To obtain enough data to make these classifications, the researchers recorded 1 minute of video per patient. Three blinded human assistants then watched the videos and noted whenever a WBC passed by.
However, since submitting their paper, the researchers have been developing a computer algorithm to perform the same task automatically.
“Based on the feature-set that our human raters identified, we are now developing an AI and machine-vision algorithm, with preliminary results that indicate the same accuracy as the raters,” said study author Aurélien Bourquard, PhD, of MIT.
The researchers have applied for patents on the technology and launched a company called Leuko, which is working on commercializing the technology with help from MIT.
To move the technology further toward commercialization, the researchers are building a new automated prototype.
“Automating the measurement process is key to making a viable home-use device,” said study author Ian Butterworth, of MIT. “The imaging needs to take place in the right spot on the patient’s finger, and the operation of the device must be straightforward.”
Using this new prototype, the researchers plan to test the device with additional cancer patients.
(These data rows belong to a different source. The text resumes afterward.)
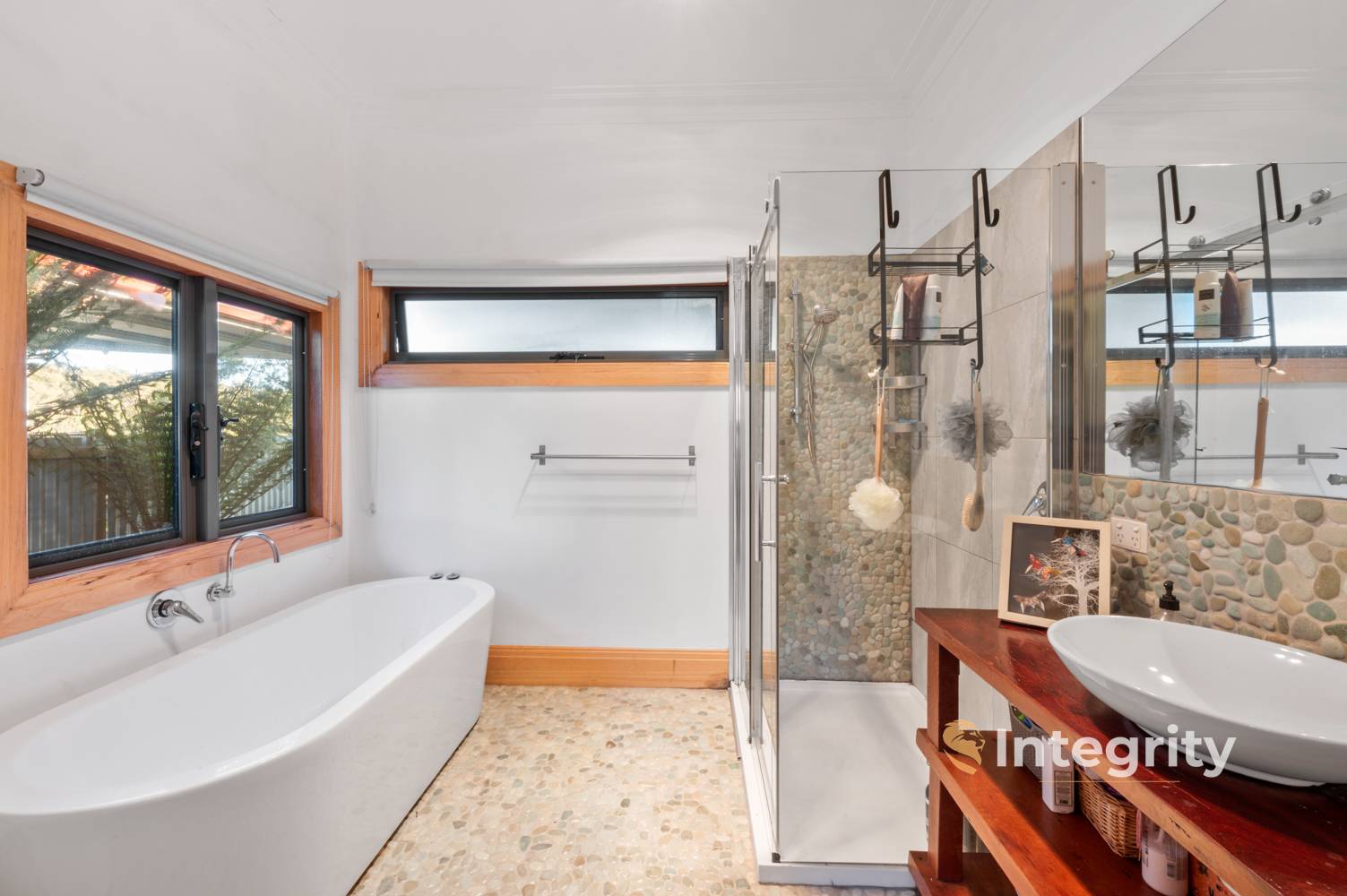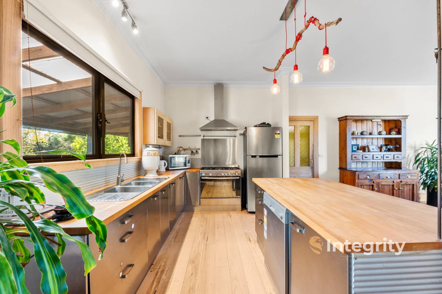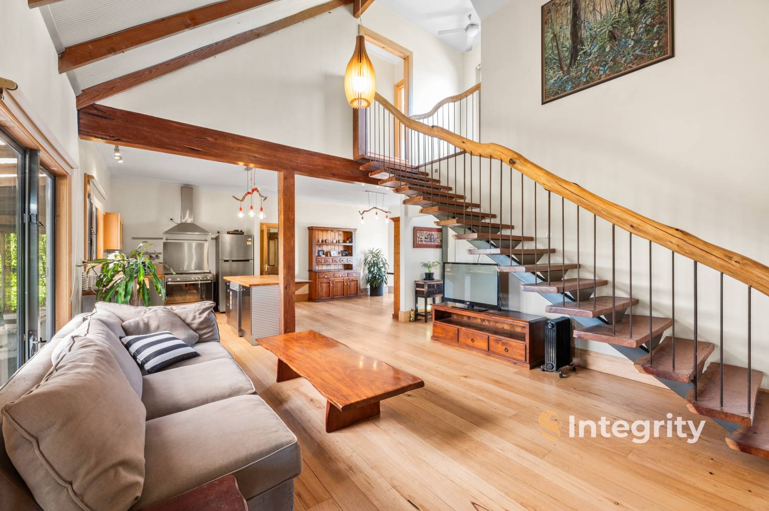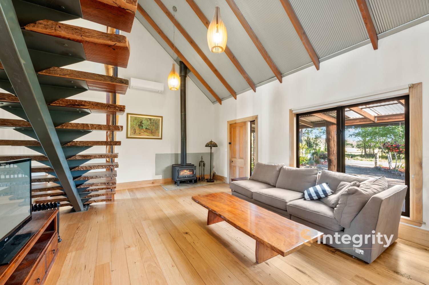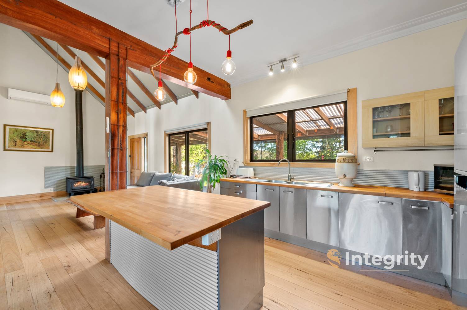 The spacious residence offers 4 bedrooms plus studio, 2 bathrooms, and the convenience of 3 toilets, including a powder room. The master bedroom is complete with a walk-in robe and en suite that features a freestanding bath and a generous 1200mm shower. The living space has a sense of warmth with the hand milled Mountain Ash timber floors and is comfortable throughout the year with wood heating and reverse cycle split system.
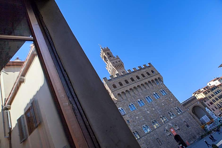 Featuring panoramic views of the Piazza della Signoria square, this elegant, air-conditioned room offers wooden floors, antique furniture and a marble bathroom with a large shower.
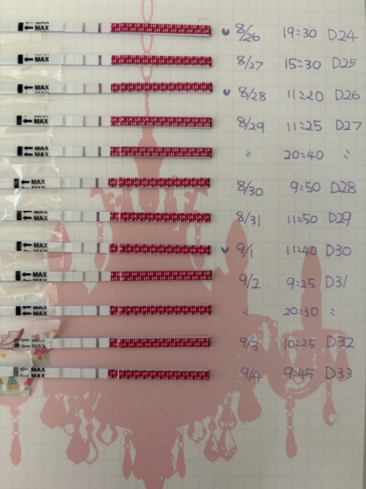 生理周期が長めで検査回数が多くなり大変だと思いますが、排卵検査薬は妊娠への近道です。排卵検査開始日から間を開けずに10~12時間間隔で1日2回の排卵検査薬か、1日1回の排卵検査薬と基礎体温の計測のセットで進めることをおすすめします。
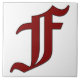 The letter F in Canterbury style done in red on a white background with a slight shadow to give it a three dimensional effect.
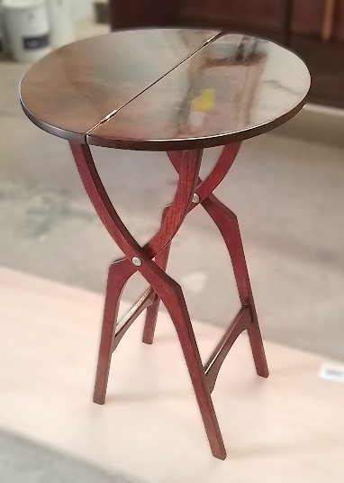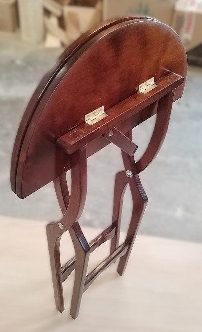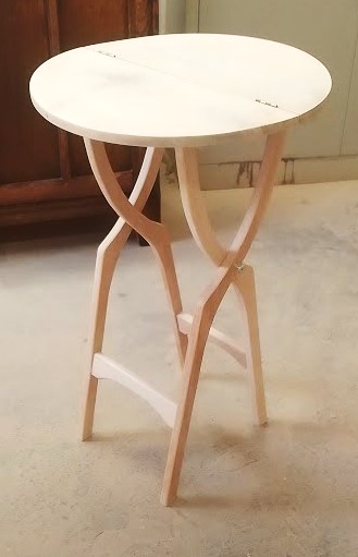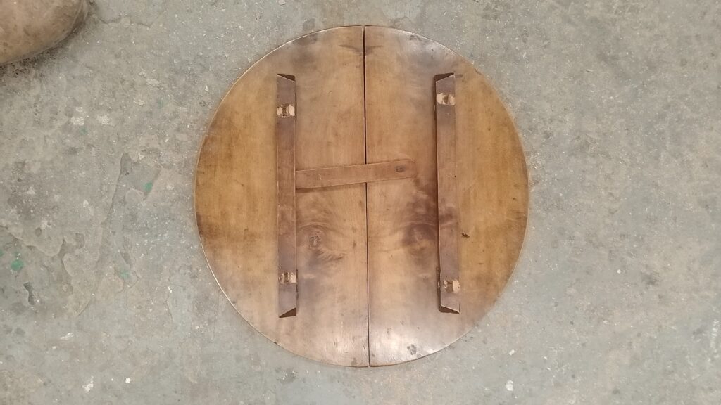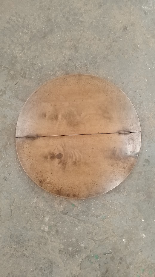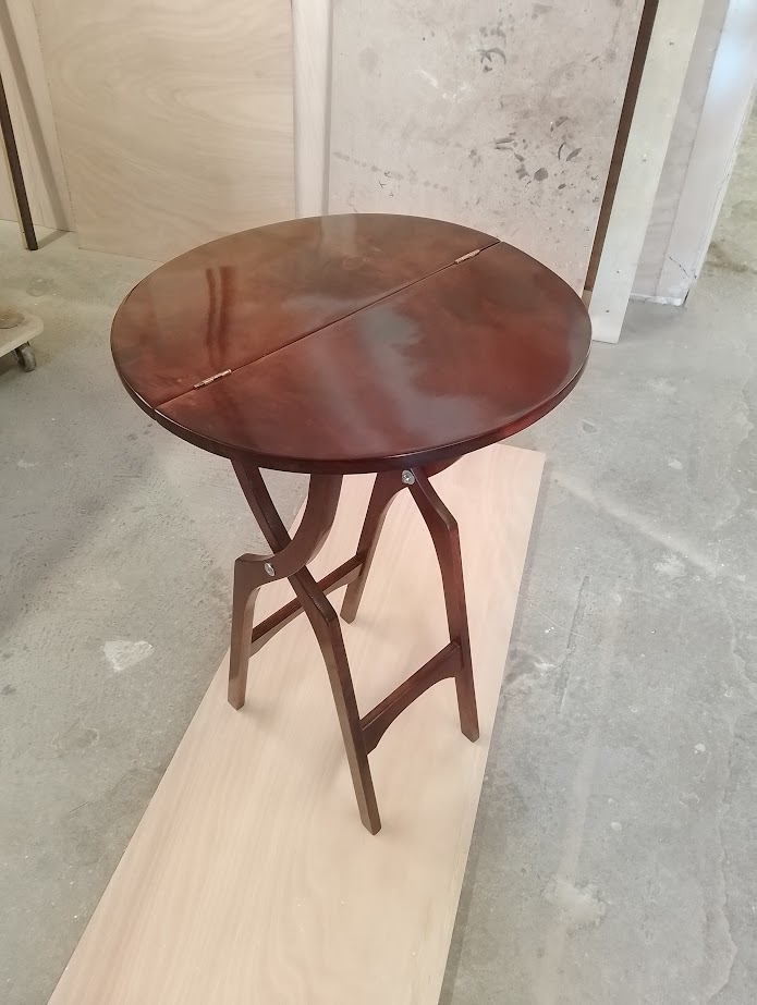 A sad little birch top separated from its legs and lost in a loft for decades. Stained, faded and abandoned, the brief was to make a new folding frame as close stylistically to contemporary historical examples. These were occasional, folding tables that could be moved and stored easily as and when required. The name derives falsely from the belief that they were carried on horse drawn coaches to be used as a table during resting times on journeys.
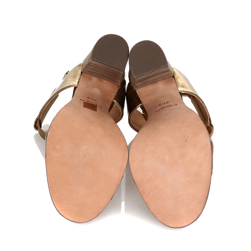 底部に若干のシミ・スレ、かかとにスレ、ヒールに若干のスレ、ゴールド部分に若干のスレはありますが、比較的キレイな商品です。 |
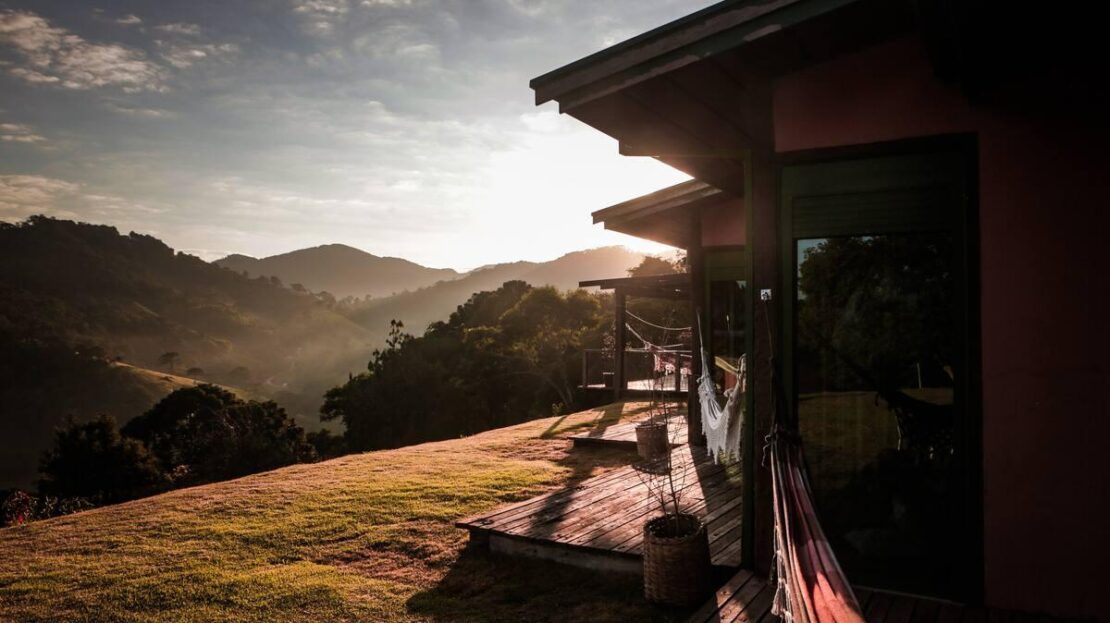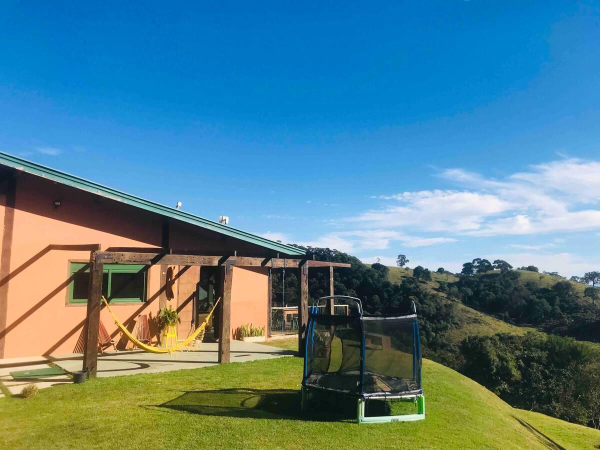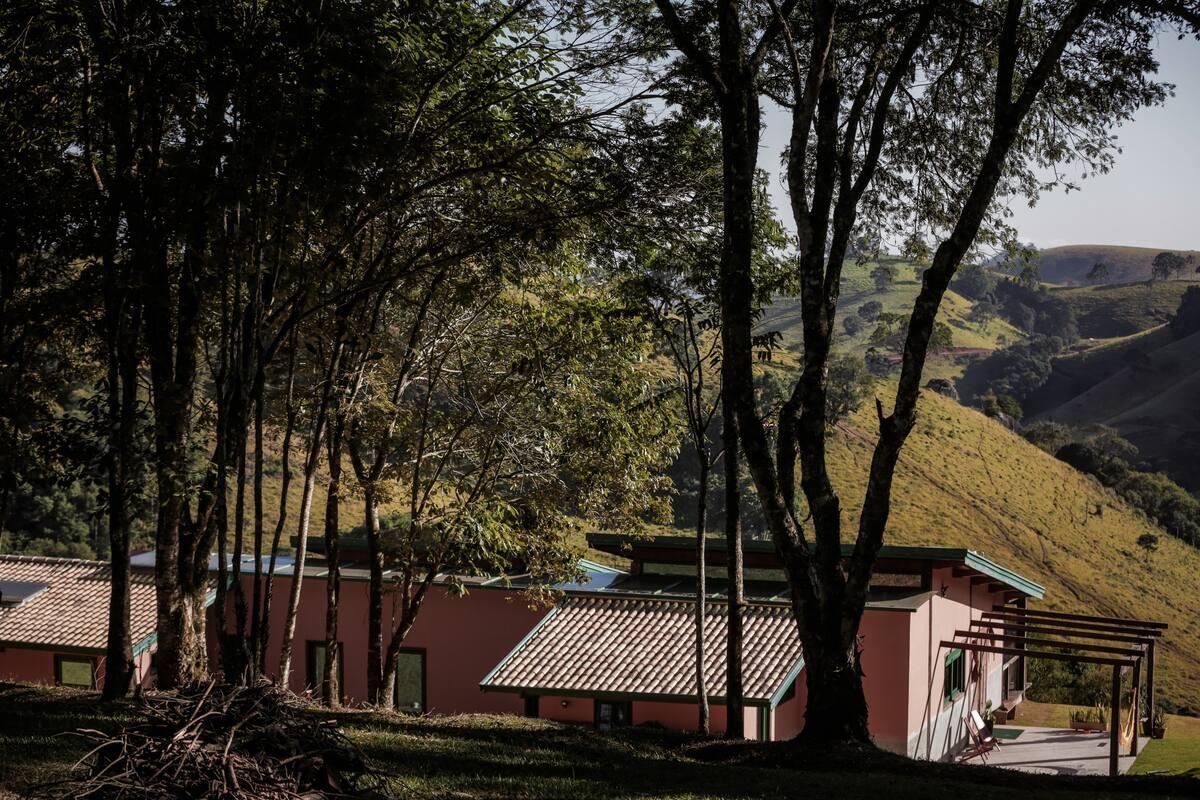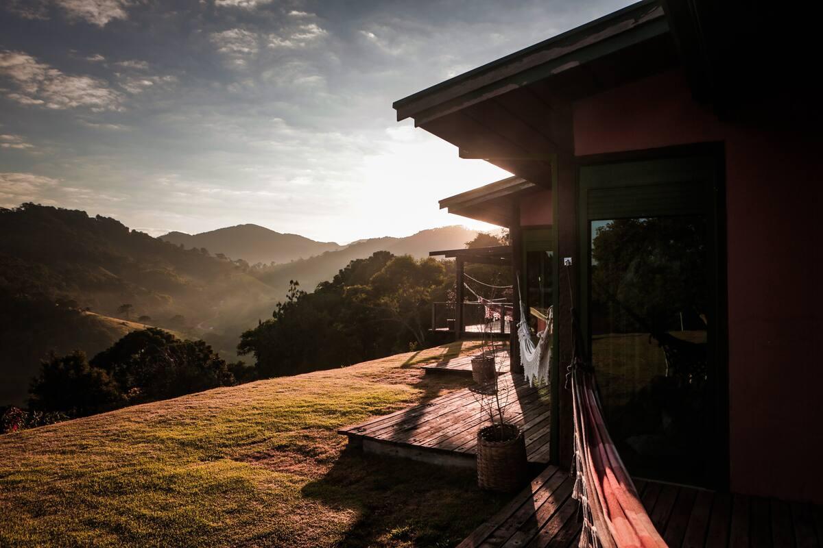 SÍTIO COM CASA SUSTENTÁVEL E UM CHALÉ COM VISTA PARA FLORESTA ONDE SE OUVE O SOM DO RIO.
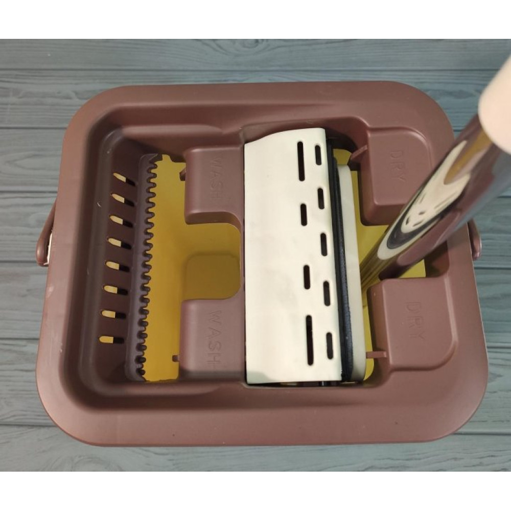 - Також у комплекті є відро із двома секціями. Одна для віджиму швабри, інша для води, в яку швабра занурюється.
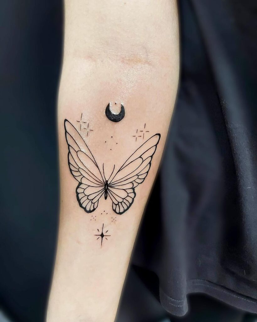 This tattoo blends elegance and mysticism, featuring a detailed butterfly framed by celestial accents.
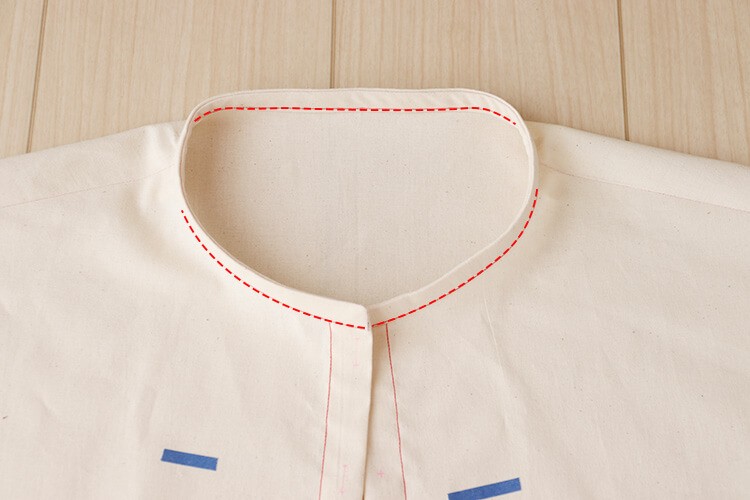 本体身頃と衿を中表に重ね、ぬいしろ1cmで縫い合わせます。
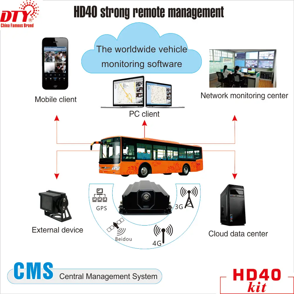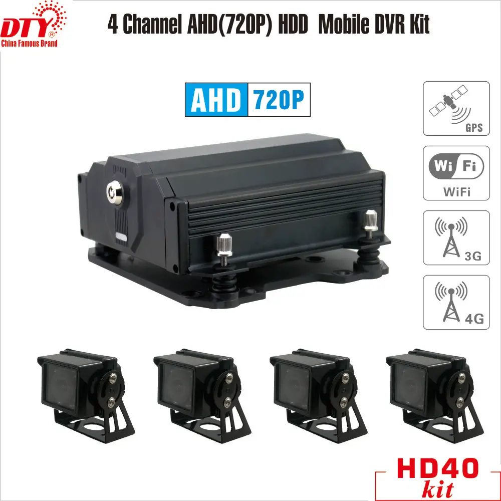DTY Mobile HDD 4 CH Car DVR Camera System with free cms software 3G WIFI GPS Optional
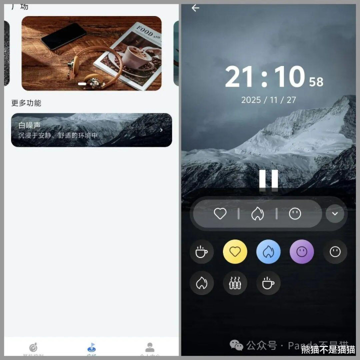 弱水时砂的APP设计极为简洁,除了耳机连接、控制和OTA升级功能外,唯一额外的就是广场里的白噪声,完全没有广告和任何推广,甚至自家产品也不例外,堪称业界清流。
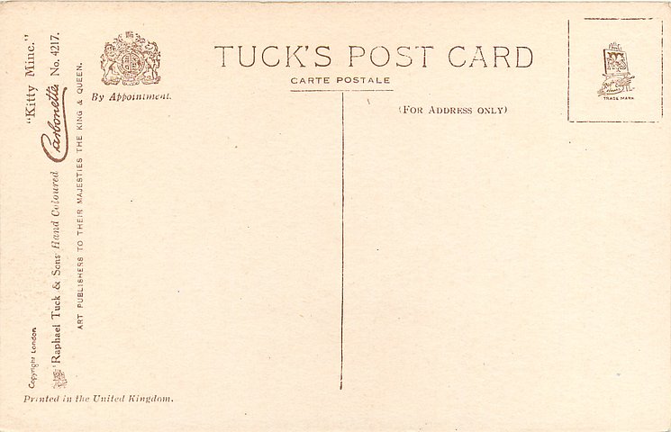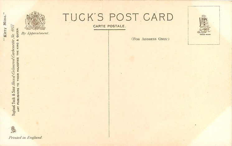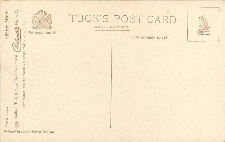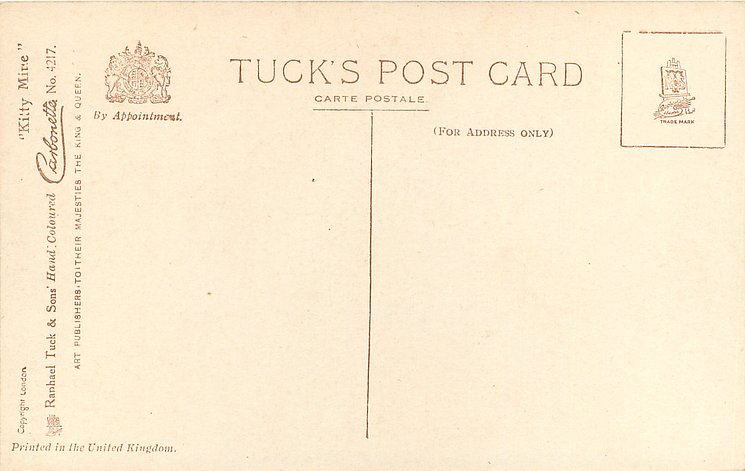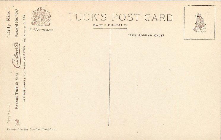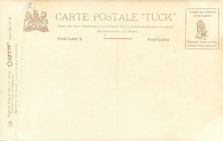 HAND COLOURED CARBONETTE, for same image not HAND COLOURED see 4563, PRINTED IN ENGLAND or PRINTED IN THE UNITED KINGDOM with or w/o COPYRIGHT LONDON
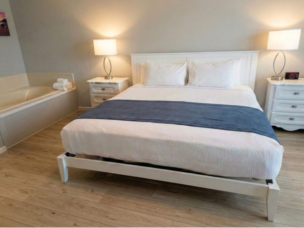 Enjoy the views from this deluxe room with one King bed and a sleeper sofa. All rooms are beachfront with either a balcony or a walkout to the beach and pool area.  They also contain a two-person spa, mini-fridge, microwave, and coffeemaker.

And the team is investigating whether they can get accurate results with shorter lengths of video.
They also plan to adapt the technology so it can generate more precise WBC counts, which would make it useful for monitoring bone marrow transplant recipients or people with certain infectious diseases, Dr Castro-Gonzalez said.
This could also make it possible to determine whether chemotherapy patients can receive their next dose sooner than usual.
“There is a balancing act that oncologists must do,” said study author Alvaro Sanchez-Ferro, MD, of Centro Integral en Neurociencias A.C. HM CINAC in Madrid, Spain.
“Normally, doctors want to make chemotherapy as intensive as possible but without getting people too immunosuppressed. Current 21-day cycles are based on statistics of what most patients can take, but if you are ready early, then they can potentially bring you back early, and that can translate into better survival.”